Following my last post, I had a conversation with a close friend--one of the most intelligent people I know--about who cares what you think? She said something about how most people's self-oriented thoughts are boring. We were talking about memoirs, the essence of her claim being that the only memoirs worth reading are those written by people who have gone behind the veil.
Most of us have been veiled. We have learned to think in the way our culture has taught us to think. I doubt that I need to cite evidence for this claim. The function of culture is to indoctrinate those within the culture into the dominant way of thinking. The dominant way of thinking is unsurprisingly controlled by those who benefit most from the dominant way of thinking. So in a way, I agree with my friend: who wants to read memoirs from those who have been brainwashed?
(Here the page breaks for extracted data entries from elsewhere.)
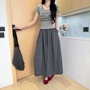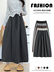 ダークグレーのスカート レディース 秋 2025 新作 ハイウエスト ドレープ感 Aライン ニットスカート 小柄さん向け パンプキン ライススカート
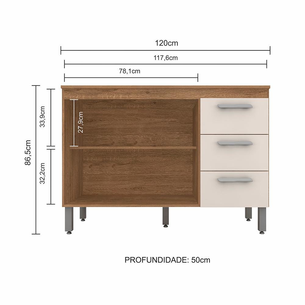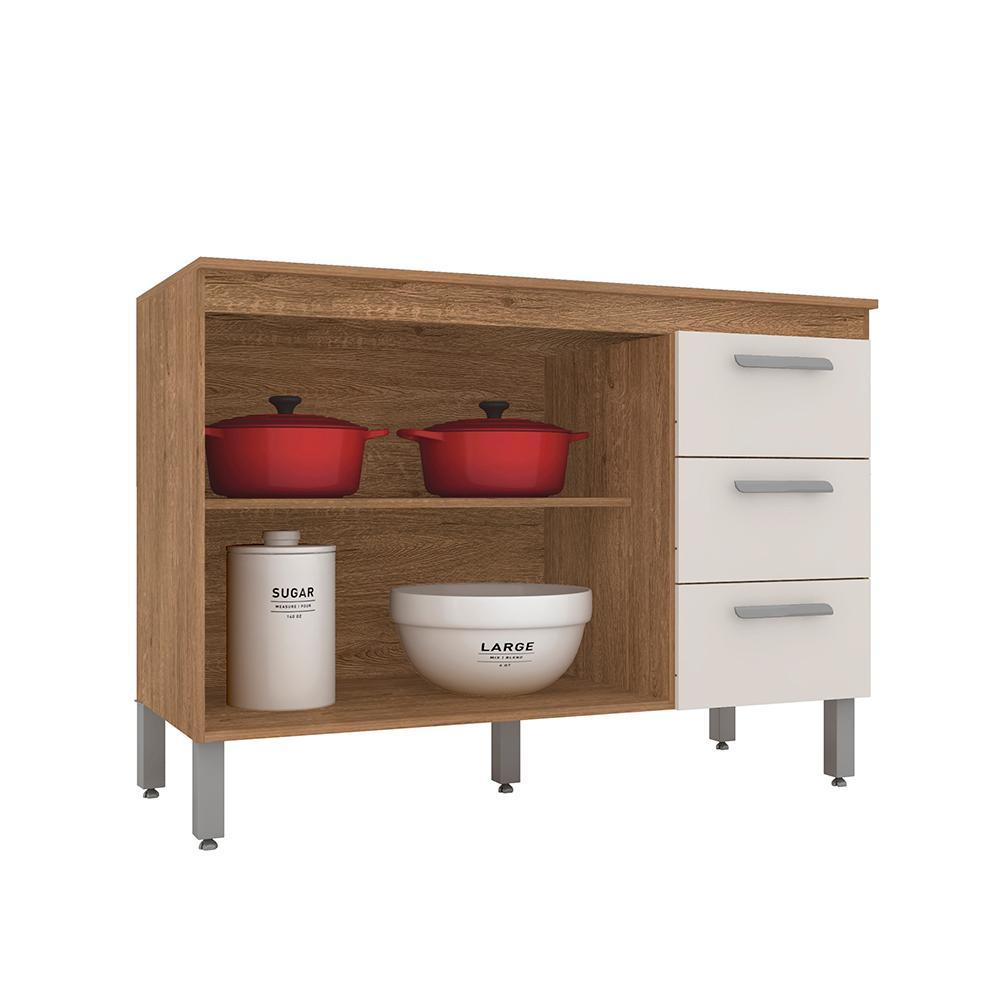 Balcão Para Pia Bella 2 Portas 3 Gavetas Carv/ Off White- M. Arapongas
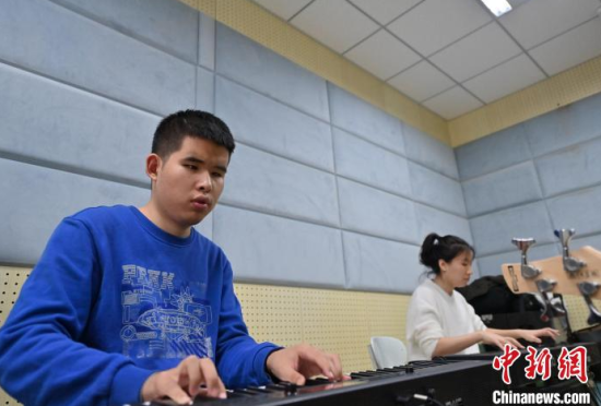 11月14日,吉林長春,“逐暗逐光”樂隊成員在交流排練細節(jié)。長春大學特教學院有一支名叫“逐暗逐光”的樂隊,樂隊成員都是視障學生。他們因音樂相聚在一起,用音樂去驅(qū)逐黑暗追逐光明。中新社記者 張瑤 攝
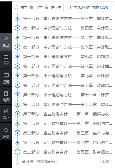截止至7月12日,审计师《审计理论与实务》开课及题库更新进度如下:
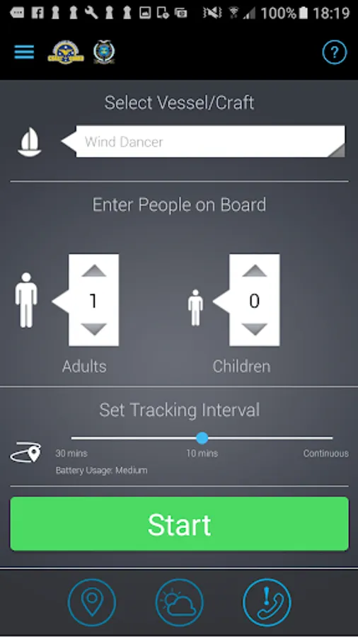 For filing a planned trip choose your vessel, determine the end destination, calculate the ETA (Estimated Time of Arrival), enter the number of persons on board and the activity type. Then, using the built-in maps, select a starting point, an optional waypoint and the end destination. Once this is completed simply press the ‘start’ button when you are ready to start your trip.
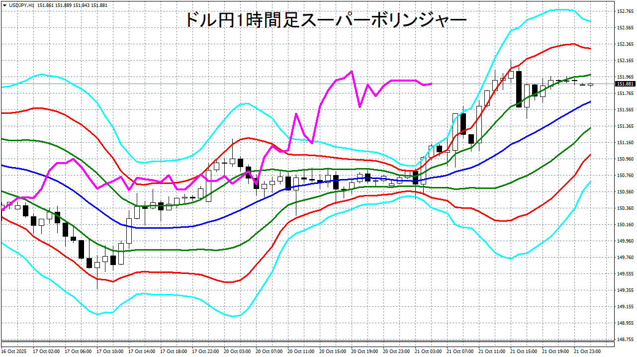 添付チャートは、ドル円の1時間足をスーパーボリンジャーで表示したチャートです。
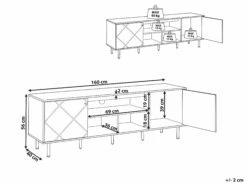Skandinavischer Stil mit einem modernem, glamourösem Touch – dieser TV-Schrank unterstreicht jede moderne Einrichtung. Er ist aus robusten Materialien gefertigt und mit einem dekorativen Muster auf der Vorderseite versehen. Der Fernsehschrank hat zwei verdeckte Fächer mit weißen Türen und drei Einlegeböden. Er bietet somit genügend Platz für Dokumente, Zeitschriften oder Mediengeräte und fügt sich perfekt in jedes Wohn- oder Schlafzimmer ein.

I don't know where to go from here. Who has and hasn't been brainwashed--and who's washing our brains? On the surface, it seems as if people who read and have been perhaps super-educated are those who might have evaded the washing machine. A book by Jeff Schmidt, Disciplined Minds, challenges this assumption of educational-privilege. Schmidt, a physicist, argues that the more degrees you have obtained, the more you have been washed. He makes a good case. The more degrees we obtain, the more we benefit from the existing order--and consequently, reinforcing that order to maintain our privilege.
These are random thoughts. I don't expect anyone to take them seriously. I think, however, that if we find a way to encourage and listen to the voices of the disenfranchised, we might move forward rather than running in place.